Inflationary pressures appeared to be exerting their influence across much of the economy except the metals sector through much of the summer and into the fall of 2022, with November appearing to be an exception.

“Metals woke up in November,” Bruce Shapiro, CEO of St. Louis-based Shapiro Metals, writes in his commentary for December 2022. “The dollar has weakened, and there is an inverse correlation between the dollar and metals.”

A scrap processor based in the Northeast echoes that sentiment, saying the weakening U.S. dollar relative to other currencies is having a positive effect.

John Gross of The Copper Journal and JE Gross Consulting, Huntington, New York, notes spot copper averaged $3.68 per pound on the COMEX during November 2022, an increase of 21 cents (6 percent) from the October 2022 price of $3.47. However, the November 2022 price was 69 cents (16 percent) lower than the October 2021 price of $4.37. Gross says the year-to-date average COMEX copper price through November 2022 was $4.02 per pound, 21 cents less than $4.23, which was the average price during the first 11 months of 2021.

Shapiro says spot prime aluminum was up 10 cents per pound over November, while the Midwest premium leveled out at 20 cents per pound.

“Personally, I think the metal market just had a minirecession and consumer demand will be strong going forward,” the Northeast-based processor says.
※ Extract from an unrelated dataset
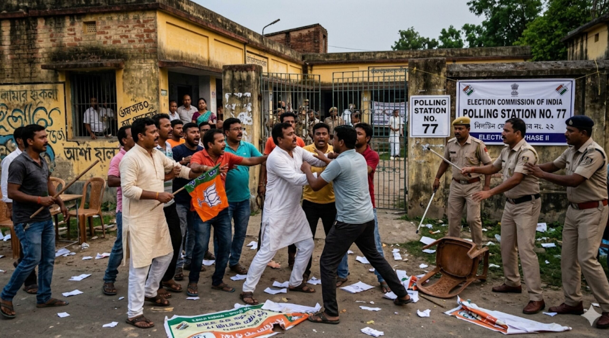 પશ્ચિમ બંગાળ વિધાનસભા ચૂંટણી 2026ના બીજા તબક્કાના મતદાન દરમિયાન રાજ્યના અનેક વિસ્તારોમાં તણાવ, હિંસા, EVM ગડબડ અને રાજકીય ટકરાવના બનાવોએ લોકશાહી પ્રક્રિયા પર ગંભીર પ્રશ્નો ઉભા કર્યા છે. મતદાનના દિવસે 77 જેટલા બૂથો પર હિંસક અથડામણ, મારામારી, બૂથ કબ્જા, EVM સાથે છેડછાડના આક્ષેપો અને મતદારોને ભ્રમિત કરવાની ફરિયાદો સામે આવતા ભારતીય જનતા પાર્ટીએ ચૂંટણી પંચ સમક્ષ આ બૂથો પર ફરી મતદાન (રી-પોલ) યોજવાની સત્તાવાર માંગણી કરી છે. સૂત્રો મુજબ, ભારતના ચૂંટણી પંચ દ્વારા આ મુદ્દે ગુરુવારે મહત્વપૂર્ણ નિર્ણય લેવામાં આવી શકે છે. પશ્ચિમ બંગાળ જેવી રાજકીય રીતે અતિસંવેદનશીલ ધરતી પર મતદાન પ્રક્રિયા દરમિયાન ઉભા થયેલા આ વિવાદોએ માત્ર રાજ્ય નહીં, પરંતુ સમગ્ર દેશનું ધ્યાન ખેંચ્યું છે.

“Demand is stable, but deliveries have been pushed back into the new year,” he adds. “Generally, it feels like supply and demand are in balance. Red metals consumers have been slightly more aggressive.”

Shapiro says aluminum scrap buyers are in a year-end slow-buying mode, with most prime aluminum scrap and secondary scrap trading in the same range it did in October.
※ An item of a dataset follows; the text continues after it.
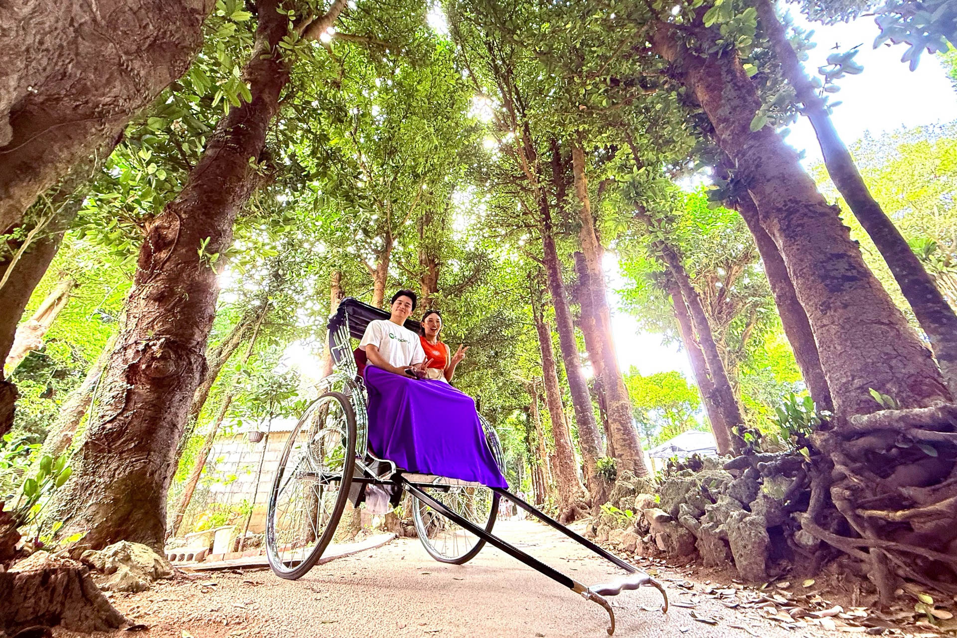 300年以上歴史のあるフクギ並木を沖縄唯一の人力車でご案内^ ^ 女子旅、カップルでのデート、家族旅行の思い出づくりに最高です。目の前に広がる青い海。古き良き沖縄の風景を、現代では味わえない非日常な乗り心地で巡ります俥夫が専属カメラマンに! 人力車は乗るも良し、降りて撮ってもらうも良し^ - ^最高6名様まで同時にご案内できます!

In his Dec. 9 issue of The Copper Journal, Gross writes that “low inventories continue lending support to the nonferrous family, with more than a few people being very vocal about the looming shortage of copper that will push prices even higher.”

Robert Ryan, chief commodity and energy strategist at BCA Research, headquartered in Montreal, tells Barron’s that visible copper inventories at exchanges globally continue to fall as they have for years and that the market is facing a global shortage related to a lack of capital expenditure to increase supply.
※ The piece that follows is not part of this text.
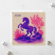 Un vívido caballo zodiacal púrpura que se eleva en movimiento entre plantas magenta brillantes, simbolizando renovación, fortuna y fuerza para el Año del Caballo 2026.

BCA Research is forecasting a physical global refined copper deficit of 595,000 metric tons in 2022, with copper supply and demand balances remaining tight over the next 10 to 15 years, according to Barron’s.

With winter starting, the contact in the Northeast says he expects nonferrous scrap generation to be limited, particularly for obsolete aluminum sheet and siding, while used beverage cans (UBCs) will see a smaller reduction in volume.

“We do see upticks whenever there is a break in the weather with temperatures above 40 degrees,” he adds.

Transporting metals has gotten a bit easier, the processor says, with trucking coming down in price and availability normalizing, though it remains on the tighter side.